The following description relates to a technique of determining the position of a target object, and more particularly, to an apparatus and method for determining the position of a target object in a wireless local area network (WLAN) environment.

2. Description of the Related Art

In a wireless local area network (WLAN) environment such as, for example, Bluetooth, terminals may be represented simply by their names, and thus may not be precisely identified or selected unless their exact names are known.

More specifically, in a case in which there is only one neighboring terminal that communicates with a predetermined terminal in a WLAN environment, a user of the predetermined terminal may not have difficulty choosing a terminal to communicate with.

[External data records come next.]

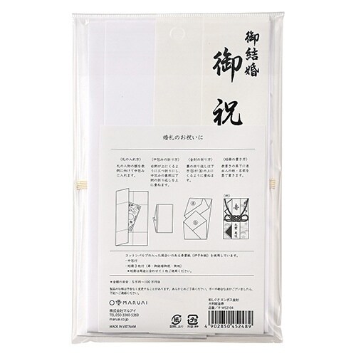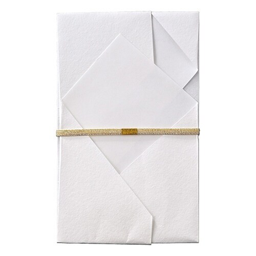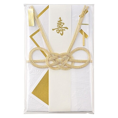 柔らかできめ細やかな手触りの純白奉書紙(伊予和紙)に、エンボス加工を施し、華やかな水引を結んだ祝儀袋、金額の目安:5・100万円(100万円まで入ります) |
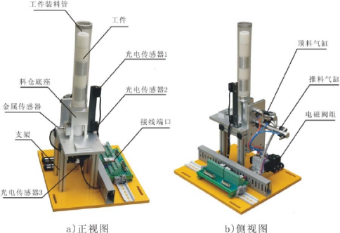 主要由井式工件庫、推料氣缸、物料臺、光電傳感器、磁性開關、電磁閥、支架、機械零部件構成。 |
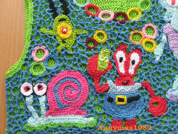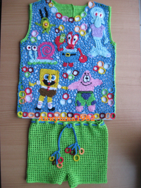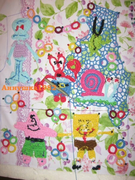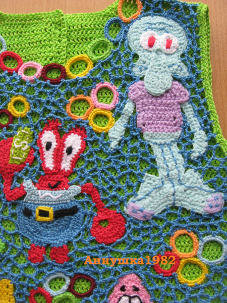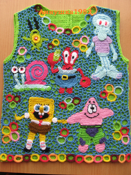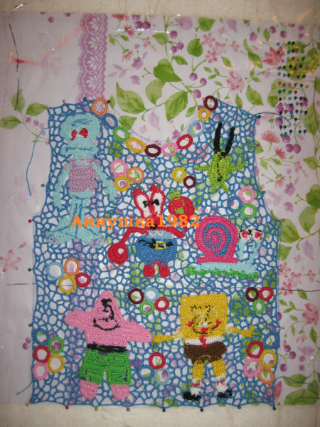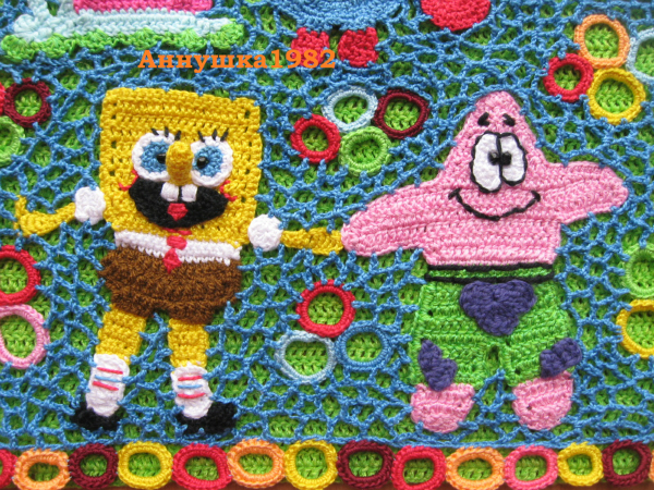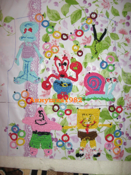 Любит моя Аленка Спанч Боба, ну вот что с этим поделать?! Даже вязать не давала - растаскивала вязанных жителей Бикини Ботом, подходила к выкройке сама ковыряла крючком, такая смешная. Теперь осталось связать беретик в этой же тематике.

However, if there are multiple neighboring terminals in the WLAN environment, it is necessary to properly represent the neighboring terminals and thus to help the user of the predetermined terminal to easily identify and select a desired terminal from among the neighboring terminals.

SUMMARY

The following description relates to a technique of determining the position of a target object in a wireless local area network (WLAN) environment in which multiple terminals exist so that a user may easily identify the target object from among the multiple terminals.

The following description also relates to a technique of determining the position of a target object in a WLAN environment in which multiple terminals exist so that a user may easily select the target object from among the multiple terminals.

In one general aspect, there is provided an apparatus for determining the position of a target object in a wireless local area network (WLAN) environment, including: a direction determination unit configured to determine directions of one or more neighboring target objects based on one or more wireless signals that are transmitted by the neighboring target objects; a is distance determination unit configured to determine distances of the neighboring target objects based on the wireless signals; and a target position display unit configured to display position information of the neighboring target objects, including the determined directions and the determined distances.

The apparatus may further include a target object selection unit configured to select one of the neighboring target objects in response to user manipulation.

The apparatus may further include a communication unit configured to communicate with the selected neighboring target object.

The direction determination unit may include an arrival angle estimation module configured to estimate angles of arrival of the wireless signals and a direction determination module configured to determine directions of the neighboring target objects based on the estimated arrival angles.

The distance determination unit may include a signal intensity measurement module configured to measure intensities of the wireless signals and a distance determination module configured to determine the distances of the neighboring target objects based on the measured wireless signal intensities.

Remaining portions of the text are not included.